Gauss, who has led Bishop Seabury for 32 years, encouraged his congregation to keep its resolve.
"You are the only ones that have the authority and responsibility to determine who is the vestry and the rector of this church," Gauss said. "Fire the vestry, and you will reconfirm that they are the vestry. Fire the wardens, and you will reconfirm they are your wardens."
What is unfolding at Bishop Seabury, and at a handful of other Connecticut churches known as "The Connecticut Six," echoes what is happening across the United States as conservative Episcopalians break from the national church over differences of opinion about Scripture.
The differences, which have manifested themselves in public squabbles over the ordination of gay clergy and women and the blessing of same-sex unions, threaten to tear apart not only the fabric of the American church but also jeopardize its relationship to the wider, 80 million-member Anglican Communion.
Dozens of individual parishes and, in some cases, entire dioceses have broken with the Episcopal Church in the past few years to join either the Roman Catholic Church or other branches of the Anglican Communion.
These actions have created costly and lengthy fights over property rights, which officials in Connecticut are watching closely, around the nation.
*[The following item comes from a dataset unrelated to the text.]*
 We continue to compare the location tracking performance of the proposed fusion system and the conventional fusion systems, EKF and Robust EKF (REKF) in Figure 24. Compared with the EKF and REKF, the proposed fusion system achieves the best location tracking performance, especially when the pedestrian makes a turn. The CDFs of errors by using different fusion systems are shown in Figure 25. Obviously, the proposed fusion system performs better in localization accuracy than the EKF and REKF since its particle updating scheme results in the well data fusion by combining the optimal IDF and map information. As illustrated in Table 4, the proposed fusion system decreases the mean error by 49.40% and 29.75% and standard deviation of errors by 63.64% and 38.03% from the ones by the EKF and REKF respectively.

In Connecticut, the fracas began in earnest after the 2003 consecration of the non-celibate gay bishop of New Hampshire, Gene Robinson.
Gauss, along with the priests of five other Connecticut churches, asked to be put under the direction of another bishop after Smith supported Robinson.
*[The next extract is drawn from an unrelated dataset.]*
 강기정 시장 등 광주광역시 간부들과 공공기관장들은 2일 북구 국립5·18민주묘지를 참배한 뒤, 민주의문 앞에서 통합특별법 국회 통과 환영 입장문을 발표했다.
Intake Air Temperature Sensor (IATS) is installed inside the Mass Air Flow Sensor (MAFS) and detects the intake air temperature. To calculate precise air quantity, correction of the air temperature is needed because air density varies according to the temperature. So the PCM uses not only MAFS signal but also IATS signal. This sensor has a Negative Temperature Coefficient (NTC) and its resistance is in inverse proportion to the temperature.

The relationship worsened when Smith took over one of the churches, St. John's in Bristol, in 2005 and ousted its pastor.
The six churches also stopped sending money to the diocese, and then sued Smith, citing civil rights violations, after he declared their priests to be "out of communion" with him. The churches lost that lawsuit and appealed.
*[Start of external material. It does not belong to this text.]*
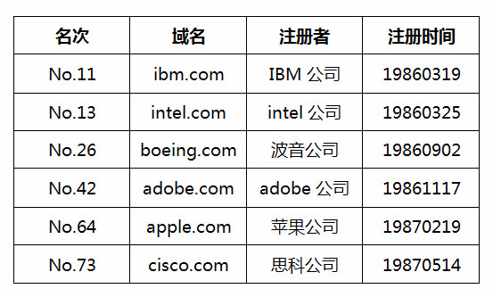 除了以上前10個域名,在排名前100的.com域名中,有一些至今依然為我們所熟知:
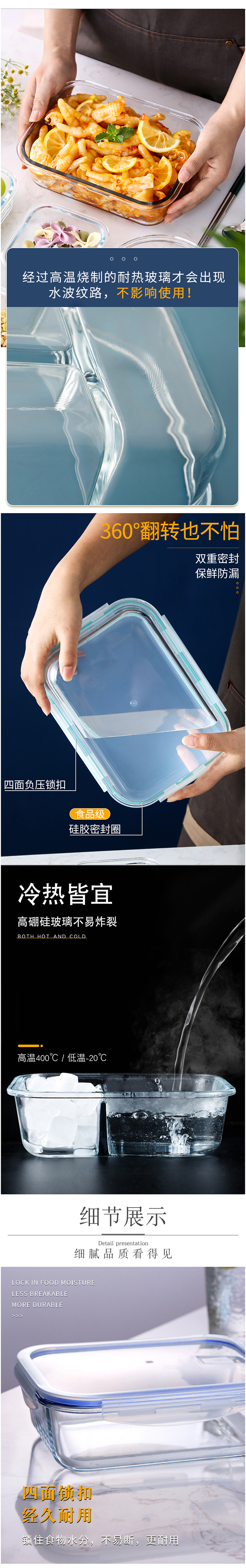 [MY KITCHEN] Heat Resistant High Borosilicate 2comp Glass Microwavable Oven Safe Food Storage Container Lunch Box with Locker No Leakage

Gauss and the other five priests also accused Smith of violating church law, but Smith was cleared of those ecclesiastical charges last year.
With the exception of Bishop Seabury and Trinity Church in Bristol, which have both joined CANA and whose members have so far refused to leave church property under orders from the diocese, the actions of the six churches have varied greatly.
At Christ and The Epiphany Church in East Haven, half the congregation stayed with the Episcopal Church and stayed on the property, while the other half followed the minister to a new church home.
Members of Christ Church in Watertown took another route — they voted themselves out of the Episcopal Church and agreed to leave the property, setting up a new church home in a community room at a local bank.
St. John's in Bristol has continued under the direction of the diocese since Smith ousted its priest. Only St. Paul's in Darien remains uncertain. Its priest, Christopher Leighton, said his congregation has not decided whether to leave the Episcopal Church.
At Bishop Seabury, where the church mantra seems to be "It's all about you, Jesus," and where the congregation embraces a joyful mix of traditional and evangelical rituals, such as a formal communion accompanied by hands-on healing, people seemed saddened, but steeled for the changes about to come.
"This is just a building. It is not the church," said Arthur Hayward, the newly elected senior warden of the church. "We are the church."